Im Interview
Mikael Mani: Guitar Poetry
von Lothar Trampert, Artikel aus dem Archiv
(Bild: Patrick Kenawy)
Immer wieder schön, einen neuen, jungen, spannenden Musiker zu entdecken, der mit unserem Lieblings-Instrument ganz eigene künstlerische Wege geht: Der Isländer Mikael Máni ist so ein Glücksfall.
MUSIK
Ein warmer Gitarrenton mit feiner, akustischer Brillanz in einem offenen Hallraum. Eine einfache, folkloristisch angehauchte Melodie, ein paar sparsame Harmonien, musikalische Idylle. Und dann, in der Mitte von ‚She‘ll Arrive Between 10 & 11‘, kippt der Song in geräuschhafte, rauhe Chords, wird düster, bedrohlich, fast ausweglos … und kehrt zurück zum Thema.
Es geht um den Gitarristen Mikael Máni, einen Meister der Kontraste – und der musikalischen Überraschungen. Und so wundert es nicht, dass der o.g. Opener seines neuen Albums auch noch ein weiteres Mal in die Dunkelheit zurückfällt und dann auch dort endet.
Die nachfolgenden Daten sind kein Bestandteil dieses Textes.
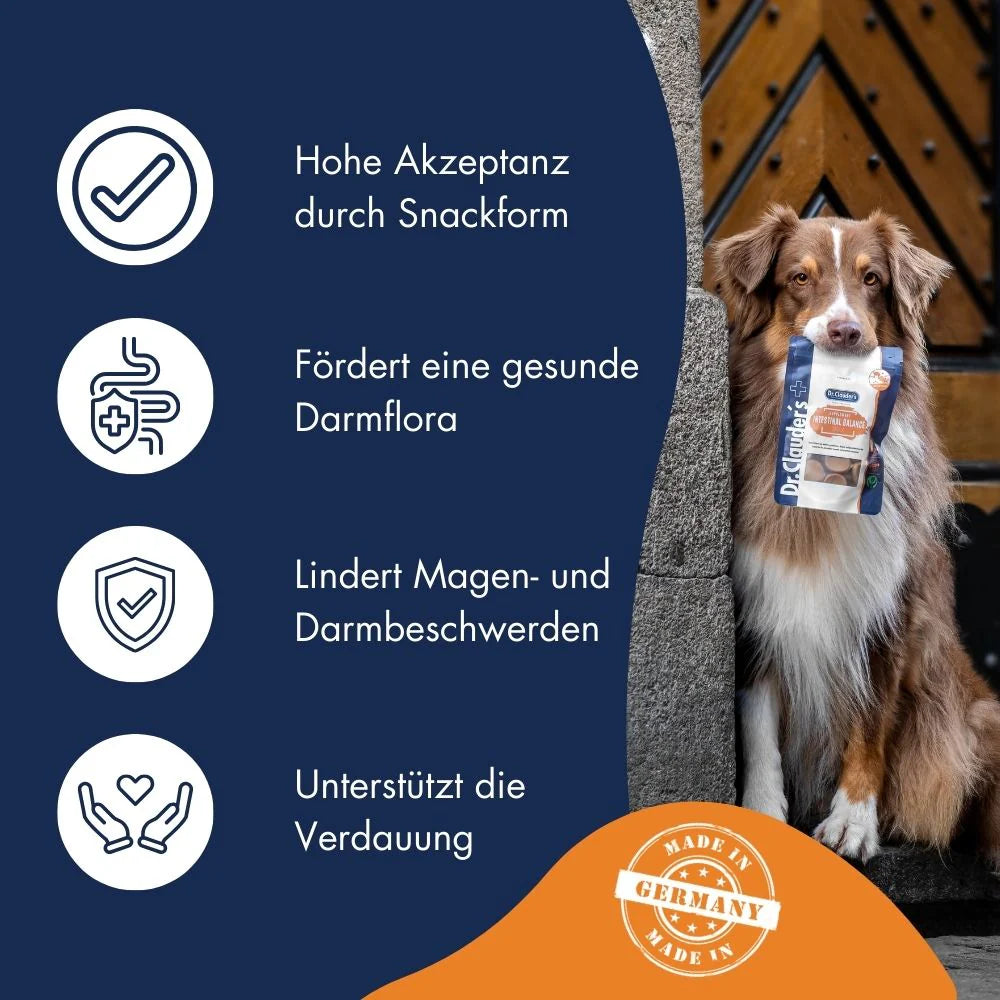 Wohlbefinden für Magen und Darm im Snackformat! Unser Snack für Hunde und Katzen kann mit seinen sorgfältig ausgewählten Inhaltsstoffen unterstützend bei ernährungsbedingten Magen- und Darmbeschwerden wirken und die Darmflora fördern. Die enthaltenen Flohsamen sind reich an Ballaststoffen und können die Verdauung regulieren, während Kamillenblüten für ihre beruhigende Wirkung auf den Magen-Darm-Trakt bekannt sind. Petersilie und Hanföl tragen zur Verdauung und zum allgemeinen Wohlbefinden bei, und Curcuma kann mit seinen antioxidativen Eigenschaften das Verdauungssystem positiv beeinflussen. Ein idealer Nahrungsergänzungssnack für die Verdauungsgesundheit.

Und wenn Mikael einen Track weiter gutgelaunt von ‚Katie, not Klara‘ singt, von seiner Gitarre singen lässt, überzeugt er in ‚What Once Was‘ mit einer nachdenklichen, fast klassischen Jazz-Ballade, der er aber dann wieder ein paar eigenwillig, roughe Chords mit auf den Weg gibt, die kurz an rudimentäre Liedbegleitung erinnern, dann aber, von vielen virtuosen Details veredelt, klar machen: Dieser junge Gitarrist hat eine ganz eigene Handschrift.
Und ja, irgendwie sind es Songs, die Mikael Máni hier zwar instrumental interpretiert, die aber immer eine extrem vokale und erzählerische Qualität haben. SoloJazz-Gitarre mit Human Factor – ja, das geht.
LEBEN
Mikael Máni Ásmundsson wird 1995 in Reykjavík, Island, in eine Familie von Musikern und Musikliebhabern hineingeboren: Sein Vater betreibt ein Label und einen Schallplattenladen, seine Mutter organisiert für ihn und seine beiden Schwestern früh eine solide Musikausbildung, die Mikael dann ab seinem 16. Lebensjahr zu einigen isländischen Jazz-Musikern führt. Anschließend studiert er am Conservatorium van Amsterdam bei Gitarrist Jesse van Ruller.
Ein Jahr nach seinem Abschluss erscheint 2019 das mit Bassist Skúli Sverisson und Magnús Trygvason Elíassen an Schlagzeug und Vibraphon eingespielte Trio-Album ‚Bobby‘. Es folgen ‚Nostalgia Machine‘ (2021), ‚Innermost‘ (2023) – und jetzt ‚Guitar Poetry‘ (2024), ein Solo-Album, das einen wirklich unkonventionellen Gitarristen präsentiert, dem Ausdruck und Emotion über allem zu stehen scheinen.
Interessant: In seinem Live-Projekt „Lyrics Through Music“ interpretiert Mikael Máni Songs von Bob Dylan, rein instrumental, solo. Dabei geht es ihm aber darum, auch Dylans Texte über sein Gitarrenspiel zu interpretieren. Dazu gehören feste Arrangements und Improvisationen, immer mit dem Ziel, die Emotionen der Lyrics klanglich zum Leben zu erwecken.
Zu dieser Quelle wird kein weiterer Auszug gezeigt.